Cameron Diaz is amazing.
Not only was her grandfather a dirty cuban cigar roller who snuck into the country to teach the locals how to roll dirty cuban cigars because the American government was trying to choke Cuba out as hard as they could to make the shit into some kind of State, but her tall and lean body coupled with her hefty bank account, and her ability to jerk off a dick while fisting herself makes her top grade pussy.
Sure, she looks like the kind of girl who may be a little too cute and down with the boys, who wants to watch sports despite sports being porn for closet case fags and shits with the door open while scratching her razor burnt cunt because as one of the boys she knows we like our pussy bald, but maybe that was just her in a role in a movie, I am pretty shitty at differentiating reality and bullshit that is celebrity and hollywood, and that’s why I prefer talking about myself.

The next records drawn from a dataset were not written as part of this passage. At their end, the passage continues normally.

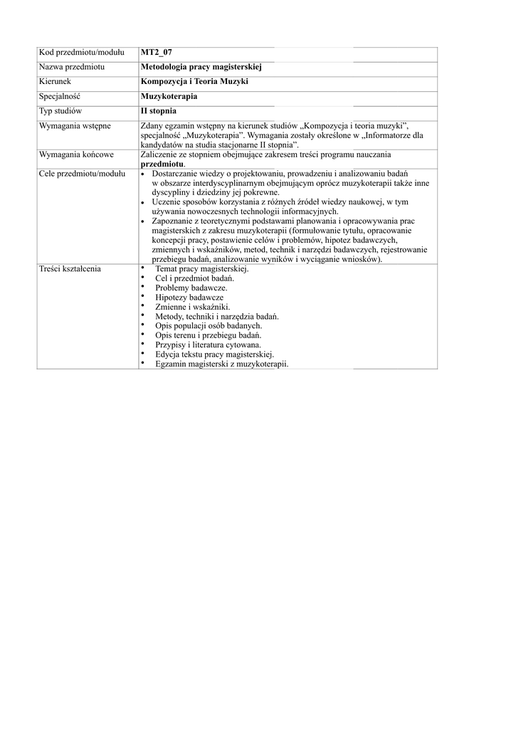 ! Kod przedmiotu/modułu MT2_07 Nazwa przedmiotu Metodologia pracy magisterskiej Kierunek Kompozycja i Teoria Muzyki Specjalność Muzykoterapia Typ studiów II stopnia Wymagania wstępne Zdany egzamin wstępny na kierunek studiów „Kompozycja i teoria muzyki”, specjalność „Muzykoterapia”. Wymagania zostały określone w „Informatorze dla kandydatów na studia stacjonarne II stopnia”. Zaliczenie ze stopniem obejmujące zakresem treści programu nauczania przedmiotu. • Dostarczanie wiedzy o projektowaniu, prowadzeniu i analizowaniu badań w obszarze interdyscyplinarnym obejmującym oprócz muzykoterapii także inne dyscypliny i dziedziny jej pokrewne. • Uczenie sposobów korzystania z różnych źródeł wiedzy naukowej, w tym używania nowoczesnych technologii informacyjnych. • Zapoznanie z teoretycznymi podstawami planowania i opracowywania prac magisterskich z zakresu muzykoterapii (formułowanie tytułu, opracowanie koncepcji pracy, postawienie celów i problemów, hipotez badawczych, zmiennych i wskaźników, metod, technik i narzędzi badawczych, rejestrowanie przebiegu badań, analizowanie wyników i wyciąganie wniosków). • Temat pracy magisterskiej. • Cel i przedmiot badań. • Problemy badawcze. • Hipotezy badawcze • Zmienne i wskaźniki. • Metody, techniki i narzędzia badań. • Opis populacji osób badanych. • Opis terenu i przebiegu badań. • Przypisy i literatura cytowana. • Edycja tekstu pracy magisterskiej. • Egzamin magisterski z muzykoterapii. Wymagania końcowe Cele przedmiotu/modułu Treści kształcenia Zamierzone efekty kształcenia Formy kształcenia (np. wykład/ćwiczenia/ inne) ! Punkty ECTS (nakład pracy studenta niezbędny do osiągnięcia zamierzonych efektów kształcenia) Kryteria oceny i sposoby weryfikacji Student po ukończeniu kursu w zakresie wiedzy: • posiada wiedzę dotyczącą swobodnego korzystania z różnorodnych mediów (książki, nagrania, materiały nutowe, Internet, nagrania archiwalne itp.) oraz umiejętność samodzielnego poszerzania i rozwijania wiedzy dotyczącej muzykoterapii [K2_W05]; • wykazuje się pogłębioną znajomością metodologii pracy naukowej [K2_W08]; w zakresie umiejętności: • potrafi wyszukiwać, analizować, oceniać, selekcjonować i integrować informacje z różnych źródeł oraz formułować na tej podstawie krytyczne sądy [K2_U04]; • posiada pogłębione umiejętności badawcze, obejmujące analizę prac innych autorów, syntezę różnych idei i poglądów, dobór metod i konstruowanie narzędzi badawczych, opracowanie i prezentację wyników, pozwalające na rozwiązywanie także nietypowych zadań oraz problemów związanych z muzykoterapią [K2_U07]; • kształtuje i rozwija indywidualne umiejętności twórcze i analityczne w zakresie muzykoterapii [K2_U09]; • kreuje własne techniki operowania materia muzyczną i potencjałem naukowym, poszerzające zdolności do tworzenia, realizowania i wyrażania własnych koncepcji [K2_U11]; • posiada umiejętność tworzenia metod zapisu oraz terminologii naukowej adekwatnych do przekazania oryginalnych idei oraz założeń koncepcyjnych [K2_U12]; • posiada umiejętność przygotowywania rozbudowanych prac pisemnych dotyczących zagadnień szczegółowych związanych z muzykoterapią, z wykorzystaniem podstawowych ujęć teoretycznych, a także różnych źródeł [K2_U18]; • posiada umiejętność przygotowywania rozbudowanych wystąpień ustnych, z wykorzystaniem technik multimedialnych dotyczących zagadnień szczegółowych związanych z muzykoterapią, z wykorzystaniem podstawowych ujęć teoretycznych, a także różnych źródeł [K2_U19]; w zakresie kompetencji społecznych: • rozumie potrzebę uczenia się przez całe życie i potrafi w sposób twórczy organizować proces kształcenia [K2_K01]; • potrafi inspirować i organizować proces uczenia się innych osób i posiada umiejętność selekcji doświadczeń i ich transformacji na potrzeby pracy własnej i zespołowej w ramach muzykoterapii [K2_K02]; • jest zdolny do samodzielnego integrowania nabytej wiedzy [K2_K05]; • jest zdolny do samodzielnego podejmowania w zorganizowany sposób nowych i kompleksowych działań, także w warunkach ograniczonego dostępu do potrzebnych informacji [K2_K06]; • posiada umiejętność krytycznej oceny prowadzącej do doskonalenia własnych dokonań na gruncie muzykoterapii [K2_K10]; • posiada umiejętność prezentowania w przystępnej formie skomplikowanych zadań muzykoterapeutycznych [K2_K15]. seminarium, zajęcia zbiorowe I Rok Semestr 1 Punkty ECTS 5 Ilość godzin w tygodniu Rodzaj zaliczenia 1 II 2 3 zst Legenda zst – zaliczenie ze stopniem frekwencja, • • aktywność, • egzamin ustny. III 4 5 6 Literatura • Apanowicz J., Metodologia nauk, Dom Organizatora, Toruń 2003. • Apanowicz J., Metodologiczne uwarunkowania pracy naukowej, Centrum doradztwa i Informacji Difin, Warszawa 2005. • Ciczkowski W., Prace promocyjne z pedagogiki. Skrypt uczestników seminariów: Język wykładowy licencjackiego, magisterskiego i doktoranckiego, Wydawnictwo Uniwersytetu Warmińsko-Mazurskiego, Olsztyn 2000. • Dudkiewicz W., Podstawy metodologii badań do pracy magisterskiej, licencjackiej z pedagogiki, wyd. V, Wydawnictwo Stachurski, Kielce 2001. • Gambarelli G., Łucki Z., Jak przygotować pracę dyplomową lub doktorską, Uniwersitas, Kraków 2001. • Łobocki M., Metody i techniki badań pedagogicznych, Oficyna Wydawnicza „Impuls”, Kraków 2000. • Łobocki M., Wprowadzenie do metodologii badań pedagogicznych, Oficyna Wydawnicza „Impuls”, Kraków 2001 • Pilch T., Bauman T., Zasady badań pedagogicznych. Strategie ilościowe i jakościowe, wydanie II, Wydawnictwo Akademickie „Żak”, Warszawa 2001. • Wojcik K., Piszę pracę magisterską. Przewodnik dla autorów akademickich prac promocyjnych (licencjackich, magisterskich, doktorskich), Oficyna Wydawnicza Szkoły Głównej H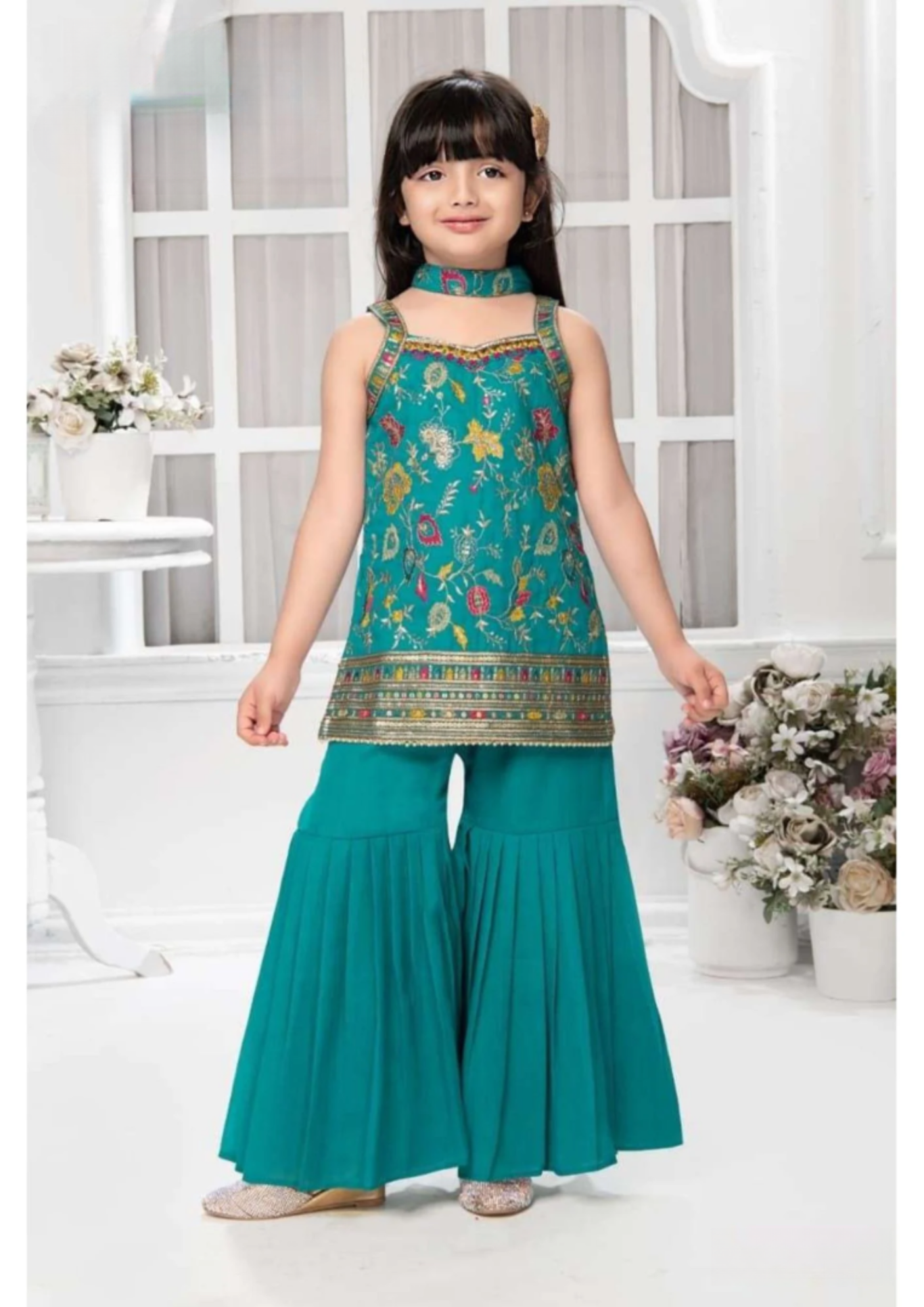 Celebrate culture with flair in our Gharara & Dhoti Set collection—designed to make your little ones stand out at every festive gathering. Whether you’re dressing up your princess in a graceful gharara set or your young champ in a stylish dhoti ensemble, we bring together tradition and comfort in every outfit.
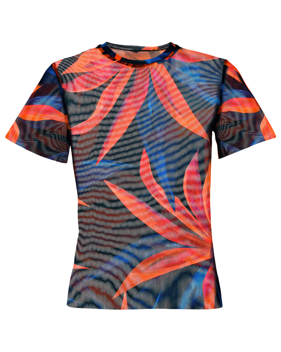 Description: Louisa Ballou Sheer Beach T-Shirt features the designer’s signature vibrant coastal palette in blue, red, and black. Crafted from lightweight sheer fabric, it offers an airy, relaxed fit ideal for layering over swimwear or pairing with high-waisted bottoms. New without tags.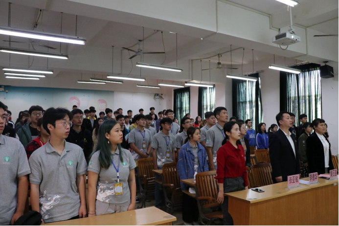 参会全体师生唱国歌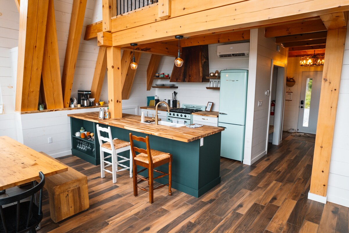 Esta iglesia única tiene personalidad propia. El dormitorio principal tiene una cama tamaño king y un baño privado con tocadores dobles. Loft con unas vistas impresionantes de la espectacular vidriera de cristal que incluye 2 camas tamaño queen. Segundo baño de tamaño completo. La chimenea de doble cara en la sala de estar te hará sentir cómodo junto al fuego mientras ves tu televisor de 55 pulgadas. La cocina enorme y de concepto abierto totalmente equipada es un sueño hecho realidad. Los bancos originales de la iglesia acomodarán a muchos alrededor de la mesa de borde vivo hecha a mano.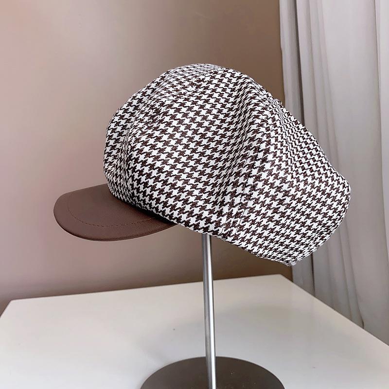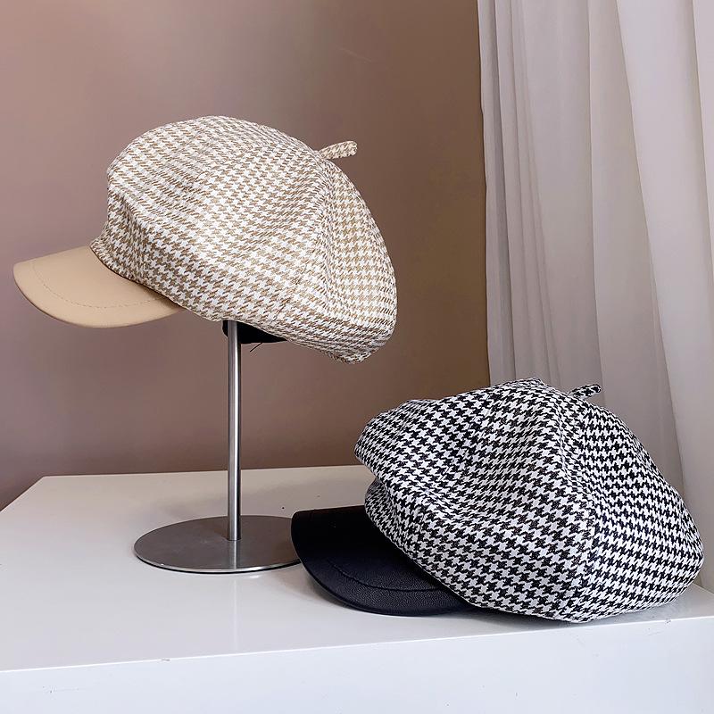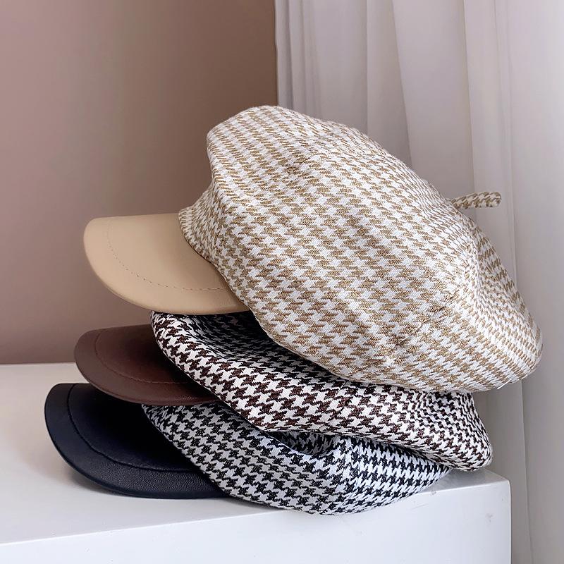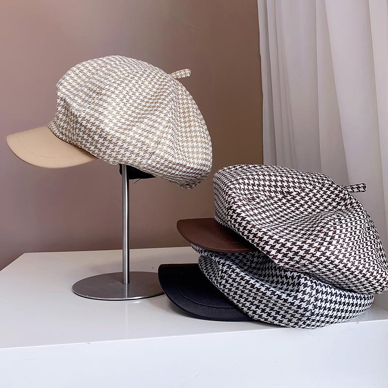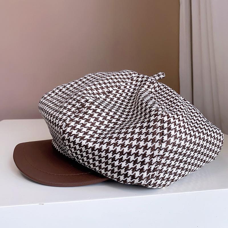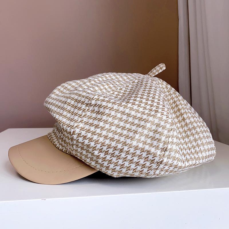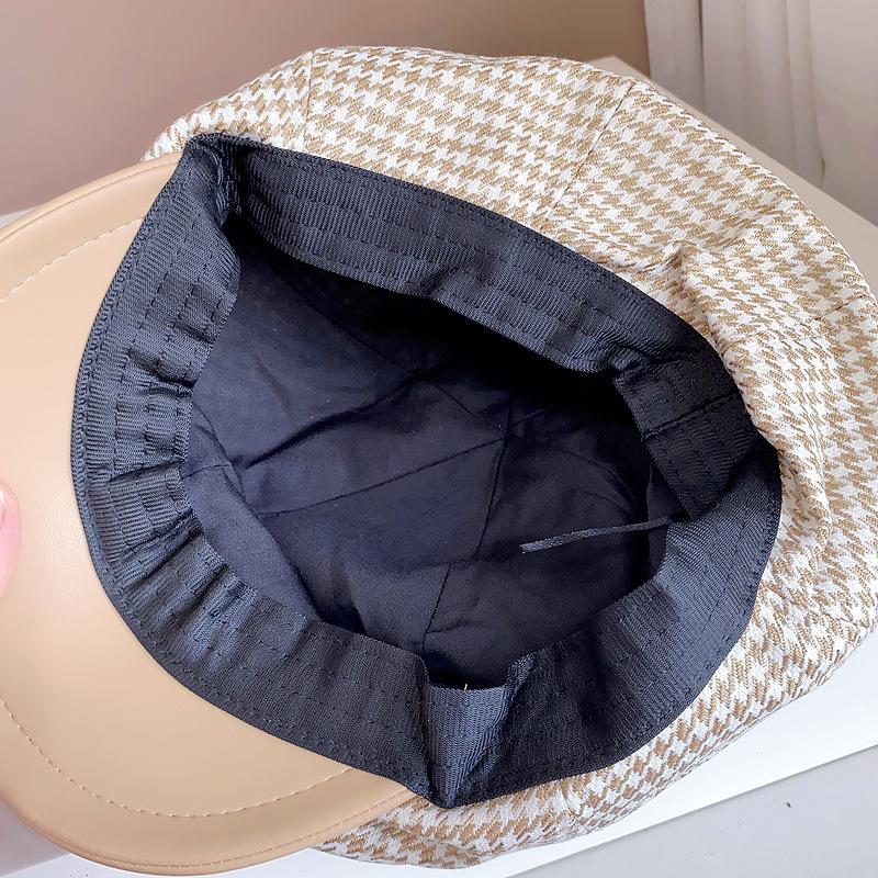 Sombrero octogonal de moda con diseño de pata de gallo y ala de cuero cosido para mujer, gorra informal combinable de otoño, sombrero de vendedor de periódicos de ala corta
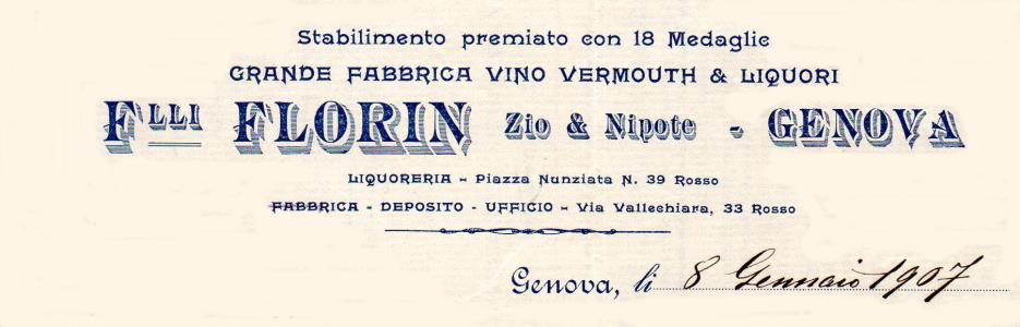 Pubblcità tratta da una fattura emessa l'8 gennaio 1907 dalla ditta Flli. Florian zio & nipote.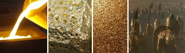 Разобрались с ананасами, перекурили, а нас уже обратно к импровизированной печи зовут золото начало плавиться. В смысле именно золото, а платина так и осталась кучкой в виде песка, только уже не сероватого, а раскалённого до ярко-оранжевого цвета, начинающего переходить в жёлтый. И сам "противень" уже жёлтый и пышущий жаром, и по нему от кучки желтеющего платинового песка стекает в уголок тоненький ручеёк то ли белесо-желтоватого, то ли вообще слегка зеленоватого цвета, судя по уже скопившейся в уголке лужице. И этот цвет нашего финикийского союзника заметно обрадовал. Он тут же послал одного из своих людей к кораблям, и тот вскоре вернулся с небольшой литейной формой и железными кузнечными клещами. Форму подсунули под уголок "противня" с ярко светящейся бледно-зеленоватой лужицей, а два наших турдетана подсунули свои саунионы под противоположный край и приподняли, давая расплавленному золоту стечь тоненькой струйкой в форму. Оттащили, дали остыть, перевернули, выколотили из формы маленькую, но увесистую ноздреватую отливку.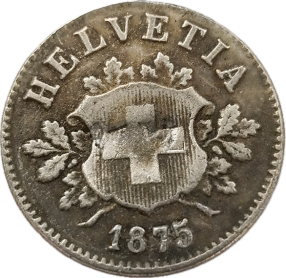 Diese 10 Rappen Münze von 1875 tragt das ikonische sitzende Helvetia Schild und Eichenblattmotiv, emblematisch für die aufkommende Starke und Einheit des neu foderalisierten Schweizer Staates. Die Vorderseite zeigt das Schweizerkreuz auf einem barocken Wappenschild, umgeben von detaillierten Eichenblattern, die Kraft und Ausdauer symbolisieren. Die Rückseite zeigt die Ziffer "10", umgeben von einem klassischen Lorbeerkranz und mit einem Band gebunden, einem traditionellen europaischen Symbol für bürgerliche Tugend und Ehre. Das Datum "1875" markiert die frühen Jahre der standardisierten Bundespragung, die eingeführt wurde, nachdem die Schweizer Bundesverfassung von 1848 begann, die politische und monetare Struktur des Landes neu zu gestalten. Dieses Stück ist eine moderne Nachpragung des ursprünglichen Designs, das wahrend der Schweizer Wahrungskonsolidierung herausgegeben wurde, einer Zeit, als der Bund verschiedene kantonale Wahrungen zu einem koharenten frankenbasierten System vereinte. Der Helvetia-Typ war weit verbreitet und geschatzt für seine neoklassizistische allegorische Darstellung der Nation. Ob für Sammler mit Schwerpunkt Schweizer Münzpragung oder Liebhaber europaischer numismatischer Kunst des 19. Jahrhunderts, dieses Exemplar ist eine treue und asthetische Hommage an die Nation-Building- ra der Schweiz.

Unfortunately, I don’t have any beach stories about me and a girl in a green bikini, I also only have Cuban prostitute stories, because Cuba is the cheapest place to travel in Canada and they would bore you, despite being 18 and hairy and willing to spend the week with you for 50 dollars, especially since Cameron Diaz is one of those Cuban prostitutes who only lets other celebrities inside her, so I’ll just leave it at that, because really, anyone who reads shit on the internet, is no one I want to get to know.